• WHAT YOU HAVE TO DO: Copy the entries below word for word, but omit any pictures they contain.

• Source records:
################
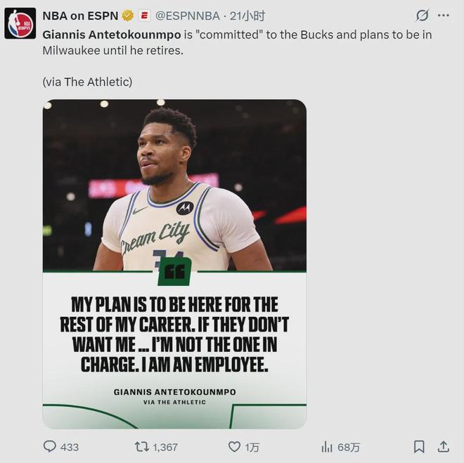 字母哥接受采訪時,再次向雄鹿表忠心:“我永遠不會提出交易請求,這不是我的性格。我哪裏都不去,我對雄鹿全身心投入。我的計劃是在雄鹿打到退役,除非雄鹿不想要我了。我無法控製別人說什麽,但我自己從未說過要離開。”
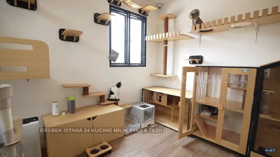 Ini adalah penampakan istana kecil bagi kucing-kucing jantan kesayangan Tyas Mirasih. Tampak nyaman, ruangan ini bahkan dilengkapi dengan banyak mainan.
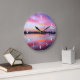 Beautiful pink sunset over a calm lake with a row of trees in the background. A lovely mixing and mingling of colorful clouds which include pink, blue, purple and yellow. Awesome and moody lighting, shadows and reflections.
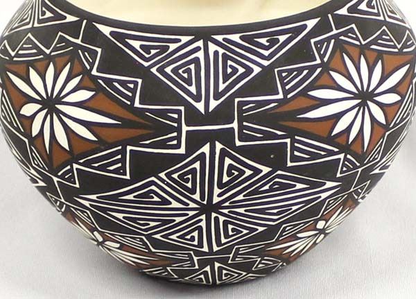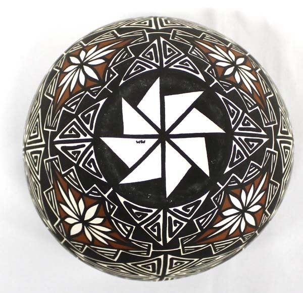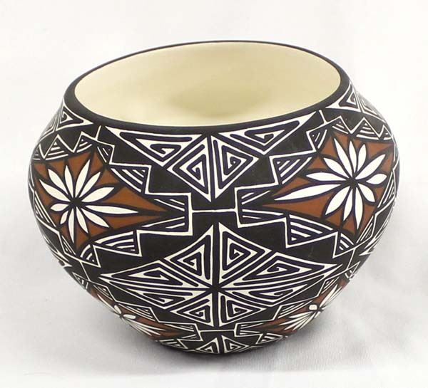 Native American Acoma Eye Dazzler Pottery Bowl, artist's initials on the bottom, PSM or PDM, measures 5'' x 6'', stunning piece of pottery
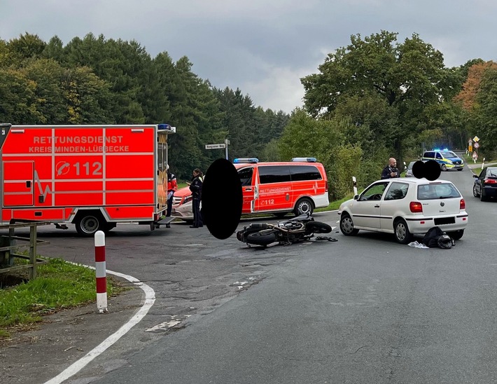Der Biker stürzte und zog sich leichte Verletzungen zu. Nach einer Erstversorgung durch den Rettungsdienst wurde er ins Krankenhaus Lübbecke gebracht. Bei beiden Fahrzeugen entstanden erhebliche Schäden.
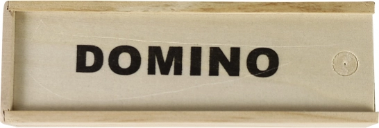 Drewniane domino w pudełku dla 2–4 graczy. Rozwija logikę, zabawa dla dzieci i dorosłych. 24 kamienie, kompaktowe opakowanie idealne w podróż. Wiek 3+.
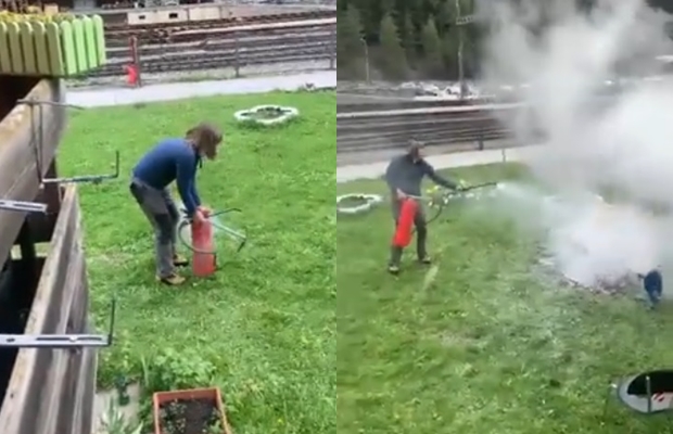 Dok je objašnjavao policajcima gde trebaju doći, Švajcarac je aktivirao protivpožarni aparat i istresao ga na janje. Gospođa sa balkona je sve snimila.
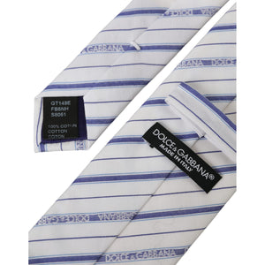 Dolce & Gabbana White Blue Stripes Silk Adjustable Tie
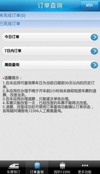 2.与www.12306.cn网站购票功能保持同步,可在手机和网站之间交叉办理购票、退票、改签等业务。
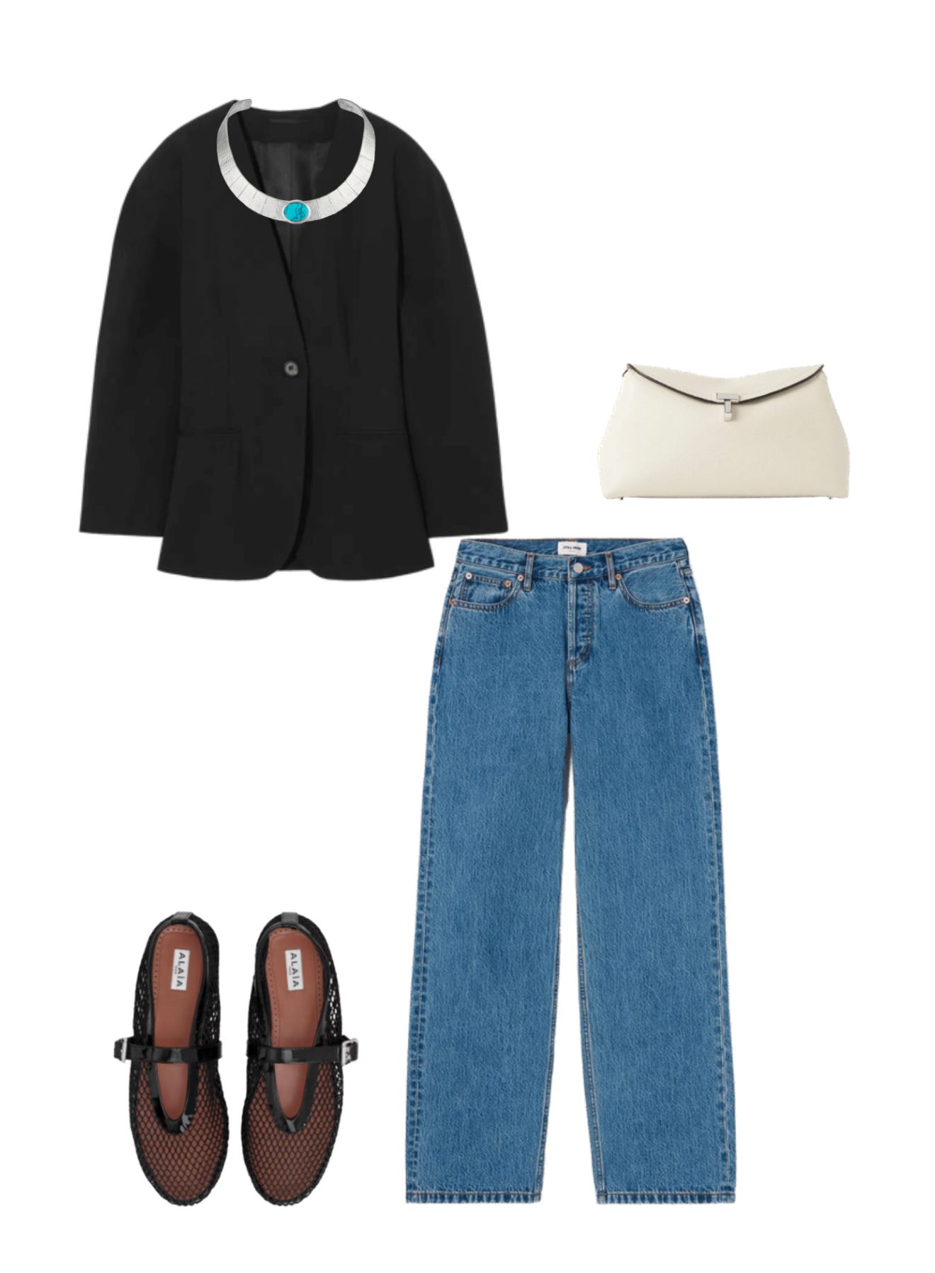 Jeans // Mesh flats // Clutch // Similar blazer // Necklace
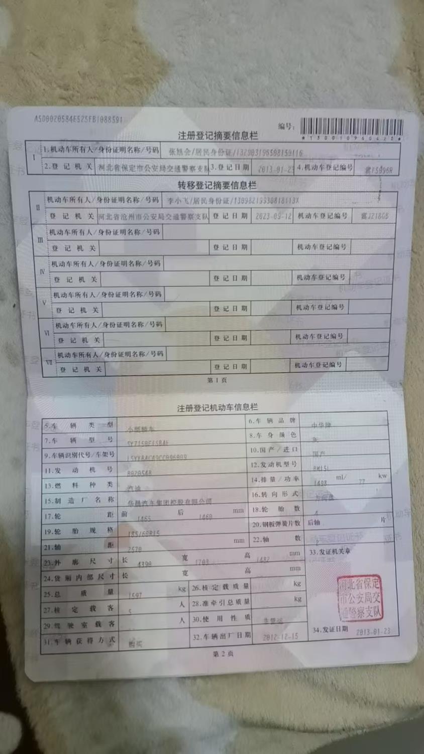 初次登记日期 2013-01-23 车辆名称 中华H230
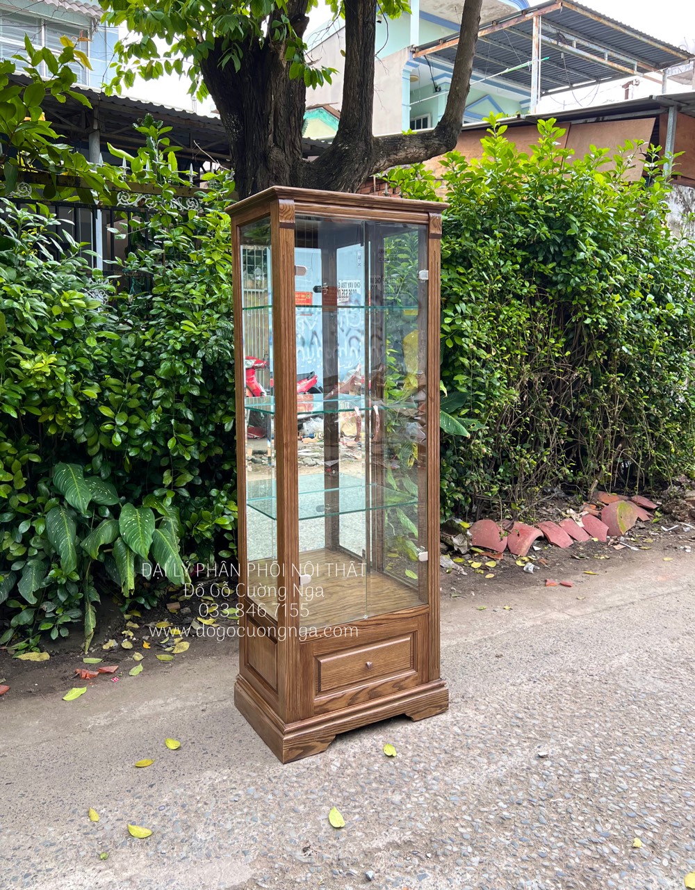 Tủ Rượu Gỗ Sồi Nga 65cm Lau Màu Óc Chó TG 14.3
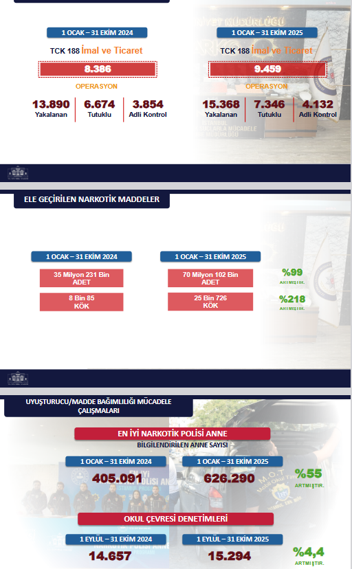 UYUŞTURUCUDA ARTIŞUyuşturucu madde imalatı ve ticaretine yönelik operasyon sayısı 8 bin 386’dan 9 bin 459’a yükseldi. Yakalanan kenevir adedi iki katına çıktı. Ele geçirilen kök sayısı 8 bin 85’ten 25 bin 726’ya ulaştı.
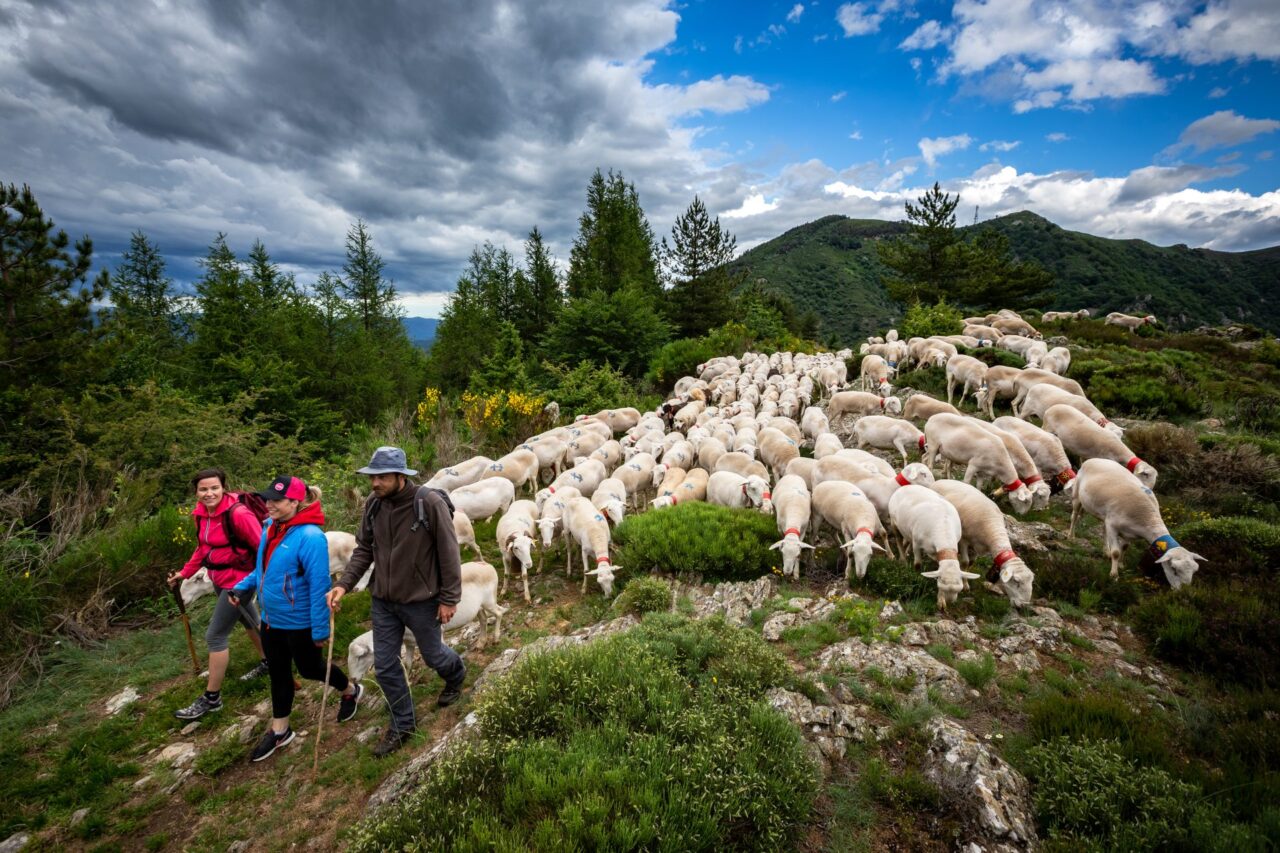 La transhumance vers le sommet de l’Aigoual et les hauts plateaux des Causses est une tradition toujours vivante en Sud Cévennes. A l’arrivée des fortes chaleurs méditerranéennes, quelques 7 000 bêtes entreprennent leur transhumance annuelle sur les chemins ou « drailles » menant en altitude.
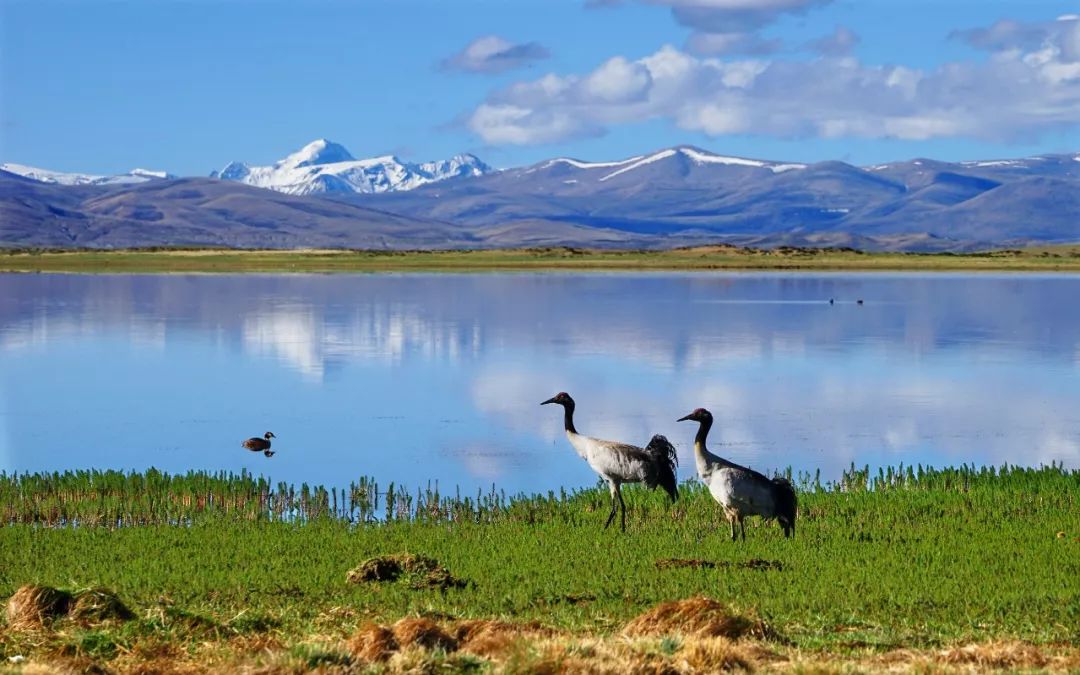 ▲ 玛旁雍错湖畔的黑颈鹤。图/蒲新志 《发现西藏》
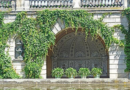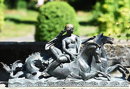 Diese kleine Bronze in der Brunnenlaube mag ich ganz besonders: Eine Nymphe reitet auf Hippokampen (vorne Pferd, hinten Fisch) — Hippodrom
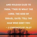 And Huldah said to them, "This is what the LORD, the God of Israel, says: 'Tell the man who sent you
################
• EXPECTED OUTPUT:
 字母哥接受采訪時,再次向雄鹿表忠心:“我永遠不會提出交易請求,這不是我的性格。我哪裏都不去,我對雄鹿全身心投入。我的計劃是在雄鹿打到退役,除非雄鹿不想要我了。我無法控製別人說什麽,但我自己從未說過要離開。”
 Ini adalah penampakan istana kecil bagi kucing-kucing jantan kesayangan Tyas Mirasih. Tampak nyaman, ruangan ini bahkan dilengkapi dengan banyak mainan.
 Beautiful pink sunset over a calm lake with a row of trees in the background. A lovely mixing and mingling of colorful clouds which include pink, blue, purple and yellow. Awesome and moody lighting, shadows and reflections.
 Native American Acoma Eye Dazzler Pottery Bowl, artist's initials on the bottom, PSM or PDM, measures 5'' x 6'', stunning piece of pottery
Der Biker stürzte und zog sich leichte Verletzungen zu. Nach einer Erstversorgung durch den Rettungsdienst wurde er ins Krankenhaus Lübbecke gebracht. Bei beiden Fahrzeugen entstanden erhebliche Schäden.
 Drewniane domino w pudełku dla 2–4 graczy. Rozwija logikę, zabawa dla dzieci i dorosłych. 24 kamienie, kompaktowe opakowanie idealne w podróż. Wiek 3+.
 Dok je objašnjavao policajcima gde trebaju doći, Švajcarac je aktivirao protivpožarni aparat i istresao ga na janje. Gospođa sa balkona je sve snimila.
 Dolce & Gabbana White Blue Stripes Silk Adjustable Tie
 2.与www.12306.cn网站购票功能保持同步,可在手机和网站之间交叉办理购票、退票、改签等业务。
 Jeans // Mesh flats // Clutch // Similar blazer // Necklace
 初次登记日期 2013-01-23 车辆名称 中华H230
 Tủ Rượu Gỗ Sồi Nga 65cm Lau Màu Óc Chó TG 14.3
 UYUŞTURUCUDA ARTIŞUyuşturucu madde imalatı ve ticaretine yönelik operasyon sayısı 8 bin 386’dan 9 bin 459’a yükseldi. Yakalanan kenevir adedi iki katına çıktı. Ele geçirilen kök sayısı 8 bin 85’ten 25 bin 726’ya ulaştı.
 La transhumance vers le sommet de l’Aigoual et les hauts plateaux des Causses est une tradition toujours vivante en Sud Cévennes. A l’arrivée des fortes chaleurs méditerranéennes, quelques 7 000 bêtes entreprennent leur transhumance annuelle sur les chemins ou « drailles » menant en altitude.
 ▲ 玛旁雍错湖畔的黑颈鹤。图/蒲新志 《发现西藏》
 Diese kleine Bronze in der Brunnenlaube mag ich ganz besonders: Eine Nymphe reitet auf Hippokampen (vorne Pferd, hinten Fisch) — Hippodrom
 And Huldah said to them, "This is what the LORD, the God of Israel, says: 'Tell the man who sent you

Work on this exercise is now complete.